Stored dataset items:
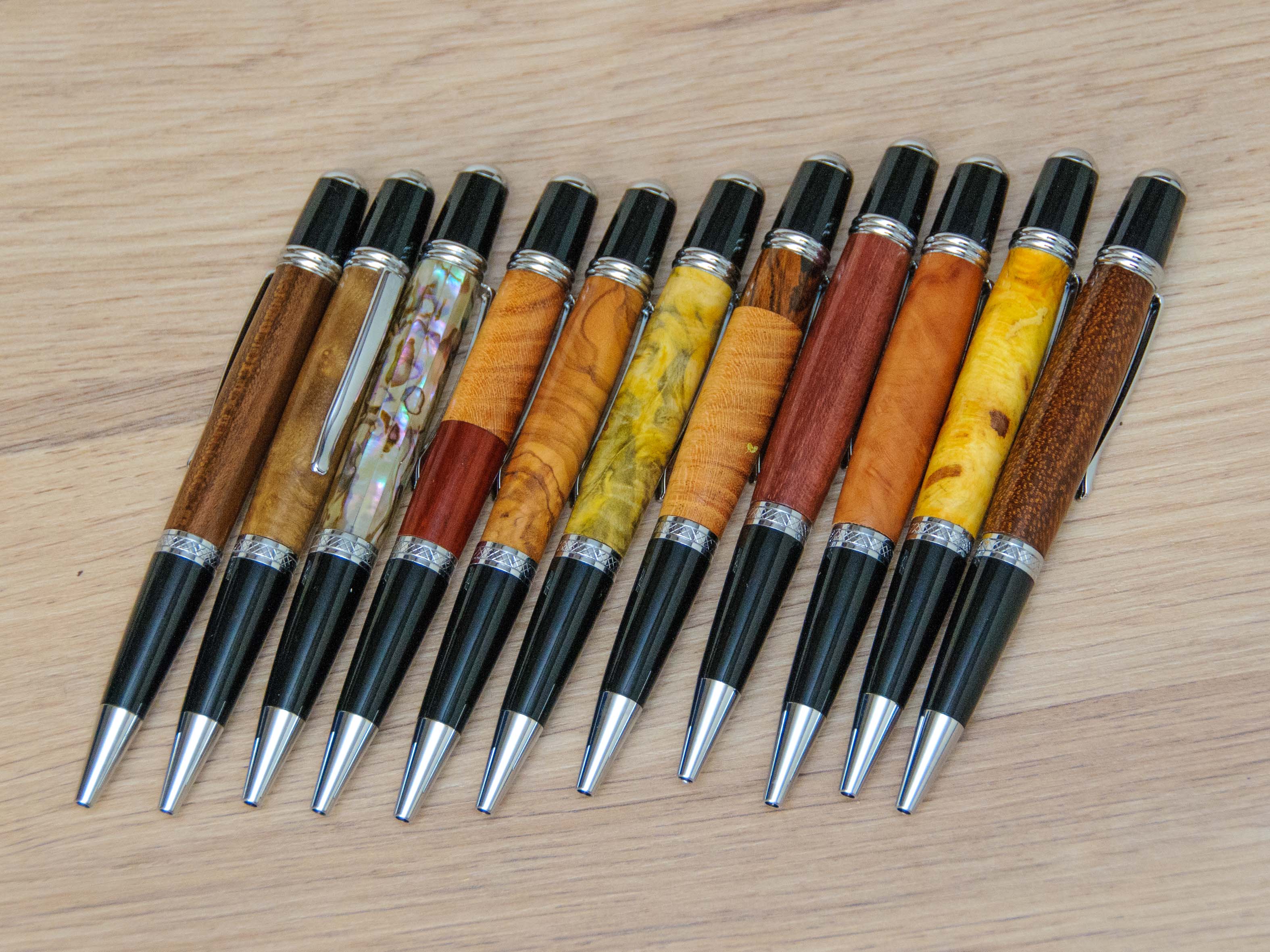 Per la realizzazione di penne ed alcuni tipi di trottole, invece, utilizzo legni e radiche provenienti da tutto il mondo (sud est asiatico, America del sud e del nord, Africa, Australia ...etc..), come: amboyna, pink ivory, ebano, afzelia buckeye, frassino nero, padouk, pallissandro, legno serpente, leopard wood, kauri golden... e tantissimi altri!!
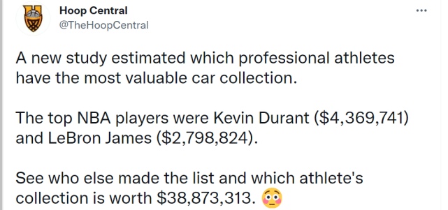 NBA球星豪车价值榜出炉!杜兰特436万居首,詹姆斯279万排名第二
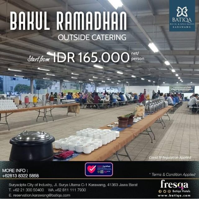 Demikian pesan yang kami dapat sampaikan kami berharap wargi BATIQAR karawang dapat menikmati dan menjalankan ibadah dibulan suci ramadan secara aman dan nyaman di FRESQA RESTAURANT, BATIQA Hotel & Apartments Karawang.
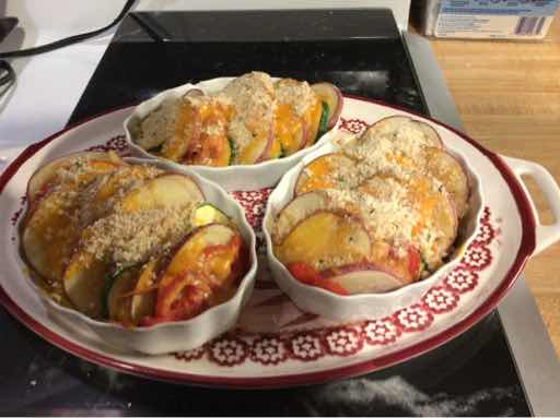 Slice in food processor: potatoes, tomatoes, onion, zucchini
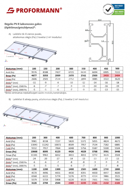 Patentuotos saulės modulių konstrukcijos „Proformann“ bėgelis PV-R sukonstruotas taip, kad visi jį sudarantys elementai išsidėstytų tinkamai ir netrukdytų vienas kitam. Bėgelis lengvai montuojamas ant fiksatorių. Bėgelio konstrukcija sukurta taip, kad apkrovos pasiskirstytų tolygiai, o storos ir aukštos (net 55 mm aukščio) konstrukcinės sienelės leistų bėgeliui atlaikyti ypač dideles apkrovas. Šis bėgelis puikiai tinka visuose Lietuvos vėjo ir sniego apkrovos rajonuose.
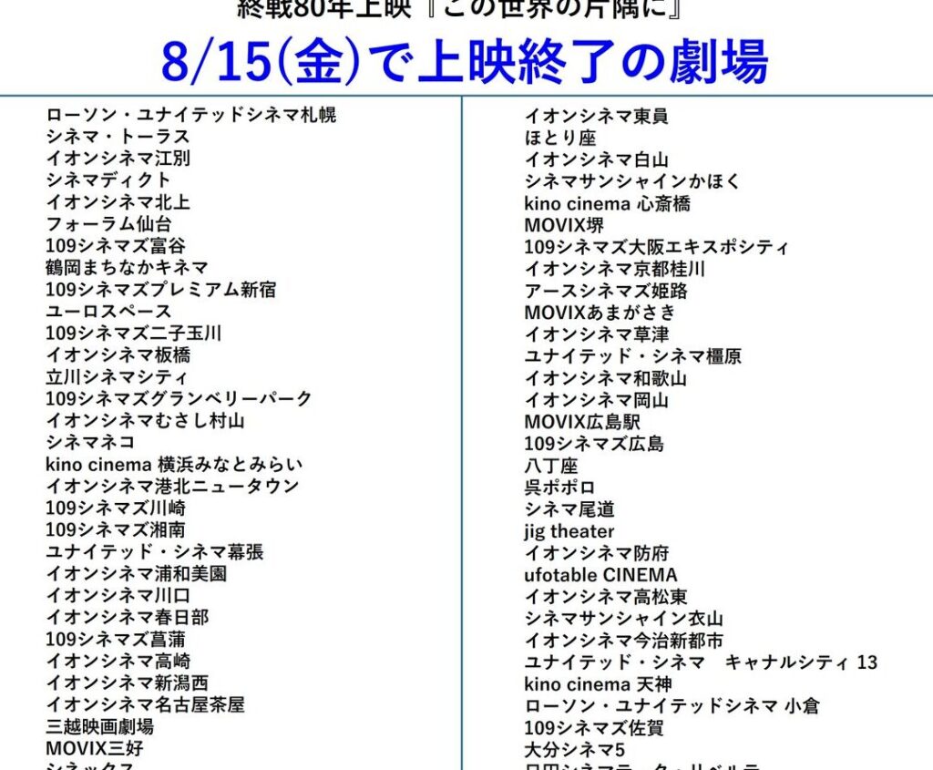 上映館情報まとめ この世界のさらにいくつもの片隅に
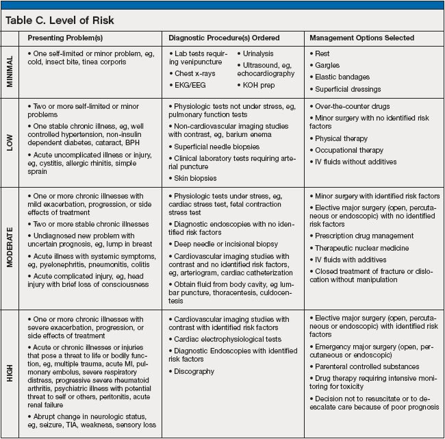 When selecting the level of risk, think outcomes. What is the chance/likelihood that this patient will or will not have a good result? Keep in mind you are coding for that particular office visit/consultation.
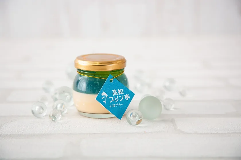 高知県の観光スポットでもある仁淀ブルーをイメージしたプリンです。日本一水のきれいな川と言われる仁淀川の輝く色合いを、青と緑のジュレで表現しました。正体はラムネ味のゼリーで、色のインパクトはもちろん、爽快なラムネがなめらかなプリンと絶妙にマッチします。
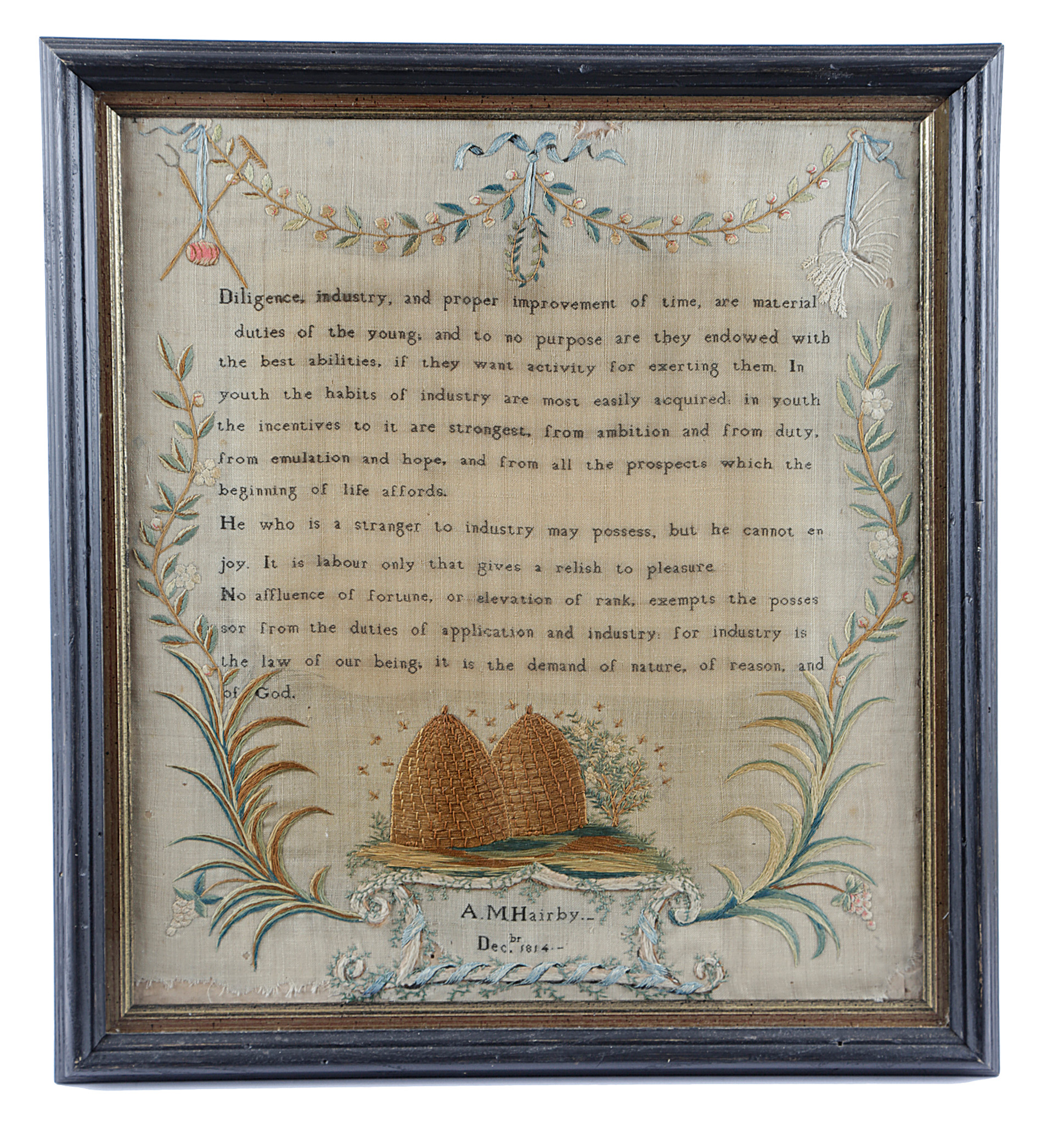 worked with coloured silks on a linen ground, with an extract from Hugh Blair's 'The Classic; Or, Summary of Mental Improvement and Moral Entertainment', above a pair of beehives and a raised work basket cartouche, signed and dated 'A. M. Hairby Dec.br 1814' with a freehand leaf and floral border, the top with ribbon tied swags of laurel and with farm tools, in a later glazed ebonised frame

[Task instructions]
The answer must consist of the line containing "When selecting the" and every line after it through the end of the records, retyped exactly, with all pictures left out.

[Response to this task]
 When selecting the level of risk, think outcomes. What is the chance/likelihood that this patient will or will not have a good result? Keep in mind you are coding for that particular office visit/consultation.
 高知県の観光スポットでもある仁淀ブルーをイメージしたプリンです。日本一水のきれいな川と言われる仁淀川の輝く色合いを、青と緑のジュレで表現しました。正体はラムネ味のゼリーで、色のインパクトはもちろん、爽快なラムネがなめらかなプリンと絶妙にマッチします。
 worked with coloured silks on a linen ground, with an extract from Hugh Blair's 'The Classic; Or, Summary of Mental Improvement and Moral Entertainment', above a pair of beehives and a raised work basket cartouche, signed and dated 'A. M. Hairby Dec.br 1814' with a freehand leaf and floral border, the top with ribbon tied swags of laurel and with farm tools, in a later glazed ebonised frame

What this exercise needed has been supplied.